The controlled interaction between the electron and nuclear spins is creating a single, isolated quantum bit (qubit) and allows the Carbon-13 nuclei to be used as what was described a “very robust quantum memory.” Typically, qubits have a short coherence time – a tiny fraction of a second unless the qubit is suspended in a high vacuum - and decay extremely fast as quantum information is lost through contact with virtually anything: The Harvard researchers claim that their Carbon-13-electron approach achieves a coherence time that “approaches seconds.”
The scientists claim that their research “revolutionizes” the approach to quantum computing and lay the ground work for a new way of computing, which is generally believed to be able to outperform conventional supercomputers in solving specific problems.
Carbon-13 is one of the two naturally-occurring stable isotopes of carbon and makes up only about 1.1% of a diamond. The other one, Carbon-12, is responsible for the remaining 98.9%.
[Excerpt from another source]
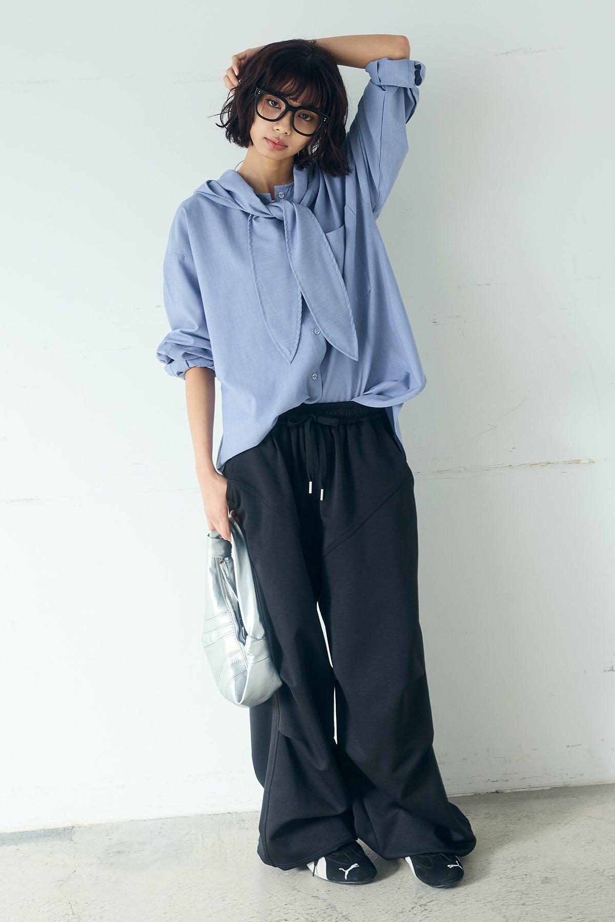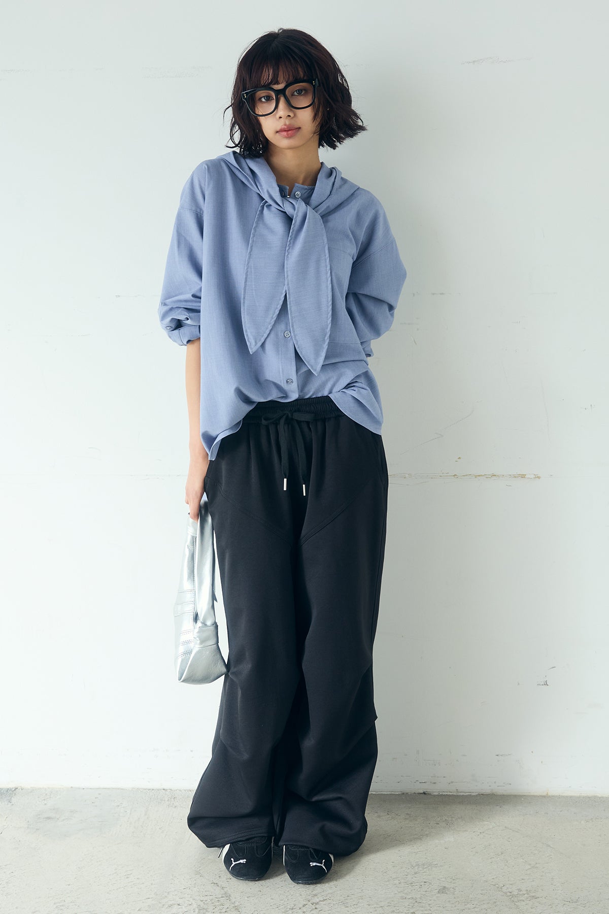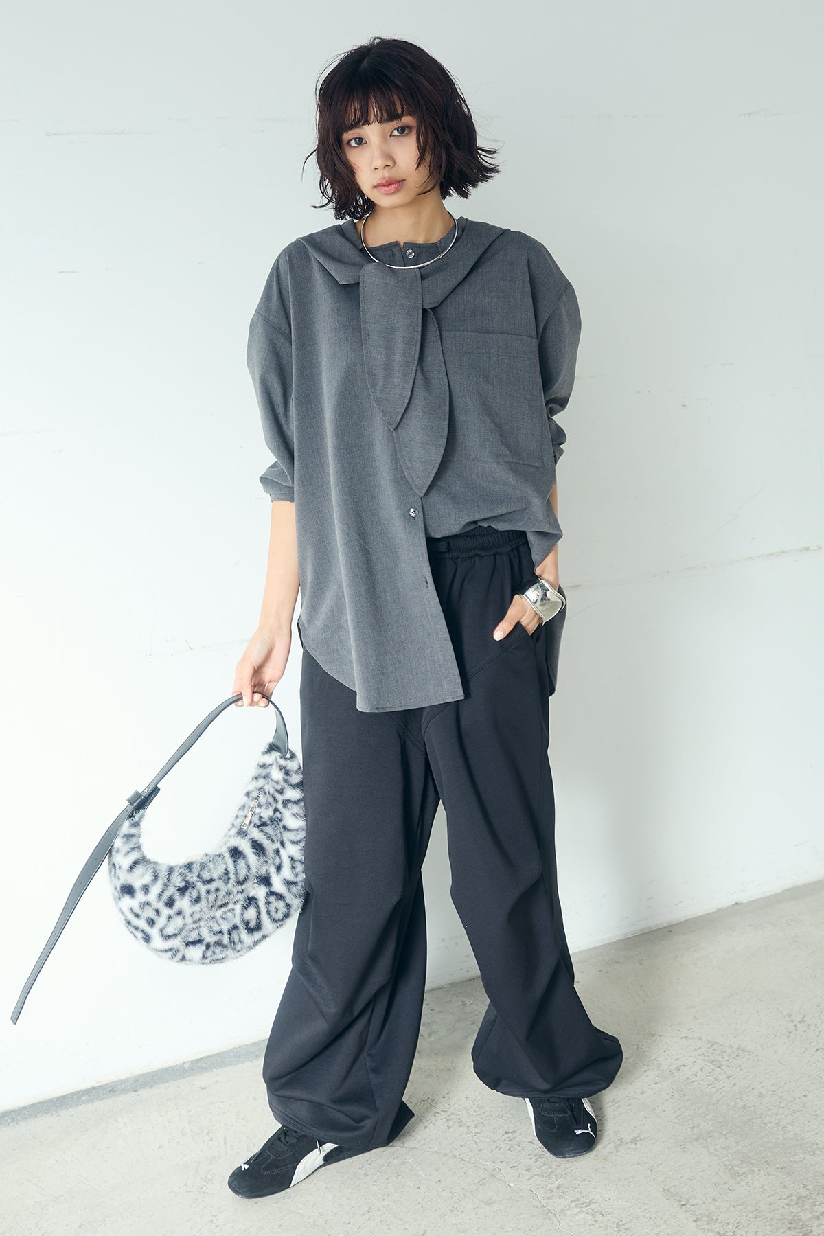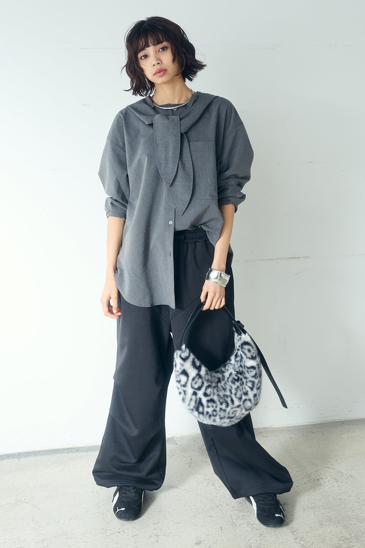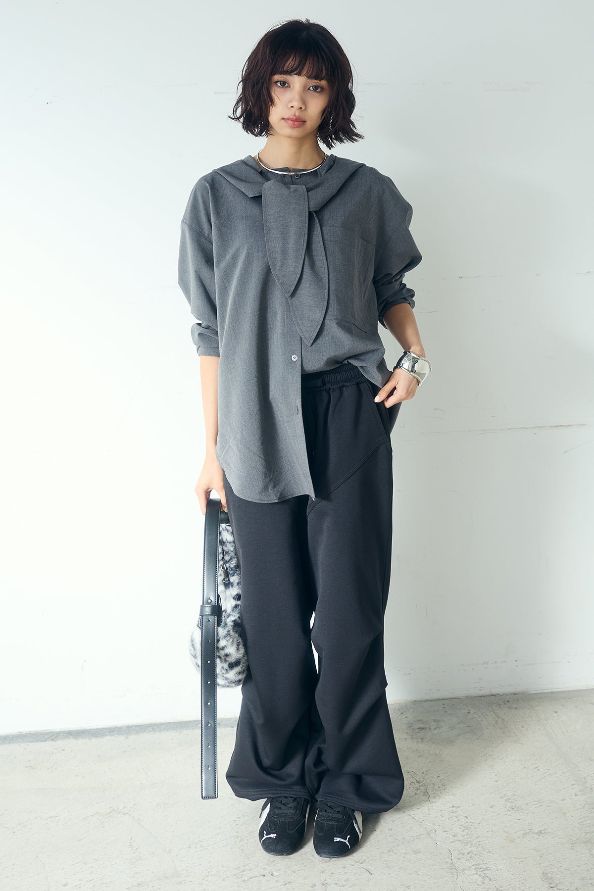 [SET]無地タイ付フーディーBIGシャツ+ランダムタックデザインワイドパンツ(2set)
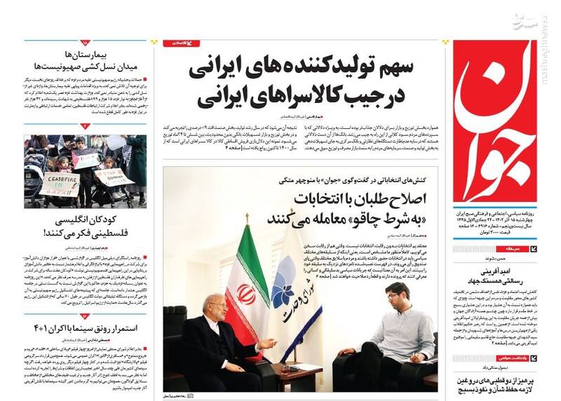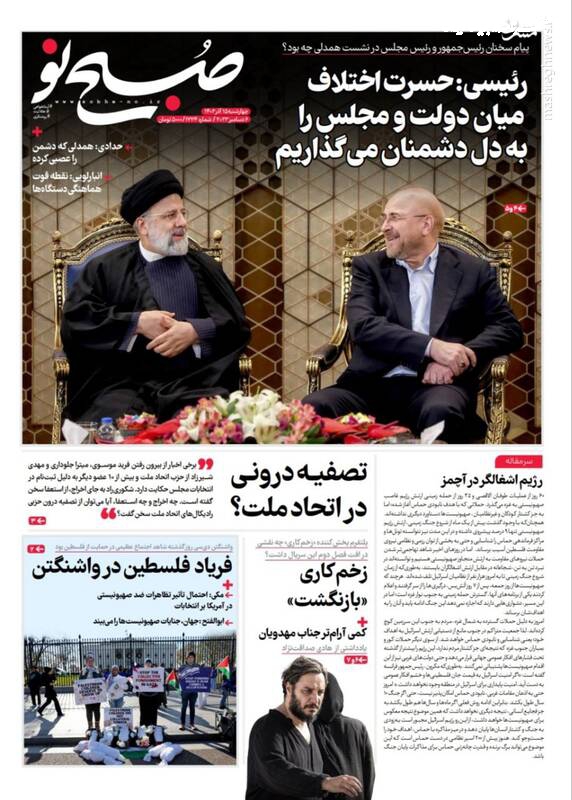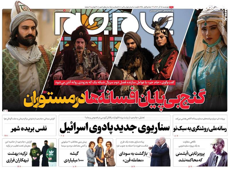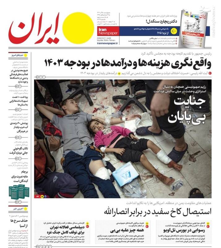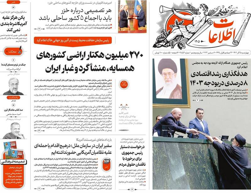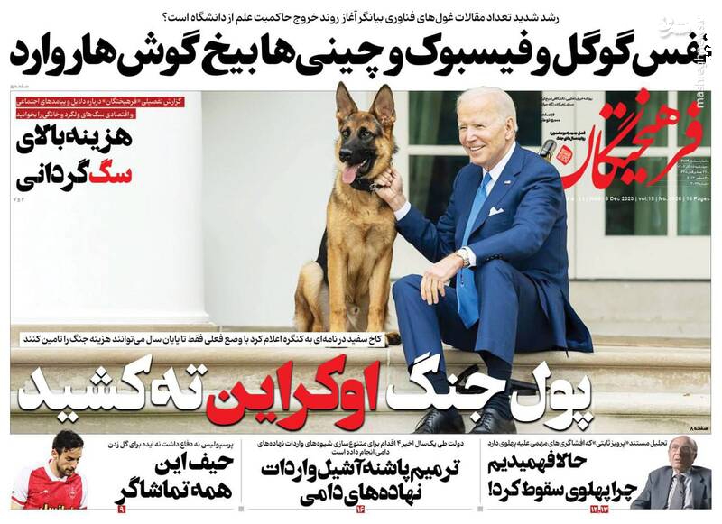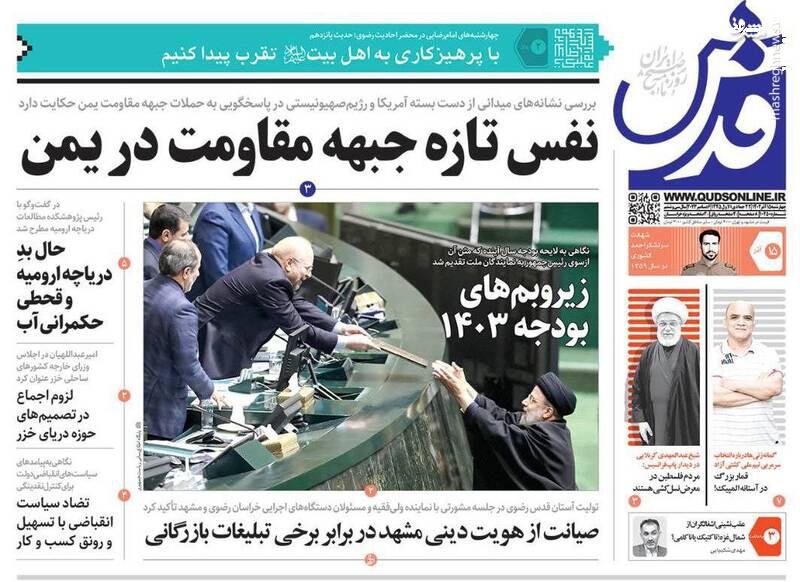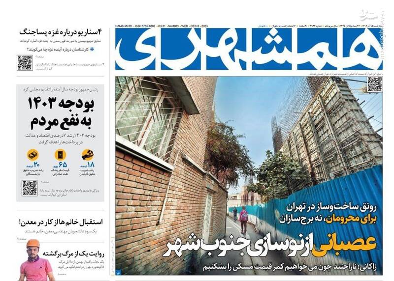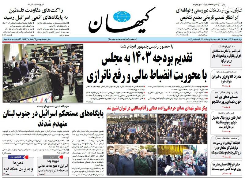 پول جنگ اوکراین ته کشید، تقدیم بودجه ۱۴۰۳ به مجلس با محوریت انضباط مالی و رفع ناترازی، اصلاحطلبان با انتخابات «به شرط چاقو» معامله میکنند، تیتر برخی روزنامههای چهارشنبه ۱۵ آذر ۱۴۰۲ است.

In an unrelated research project, a University of Alberta research team this week said that they can apply “plasmonics” principles to spintronics and develop a novel way to control the quantum state of an electron’s spin. Plasmonics involves the transfer of light electromagnetic energy into a tiny volume and creating intense electric fields as a result. "We've only just begun to scratch the surface of this field, but we believe we have the physics sorted out and one day this technology will be used to develop very fast, very small electronics that have a very low power consumption," said Abdulhakem Elezzabi, computer engineering professor at the University.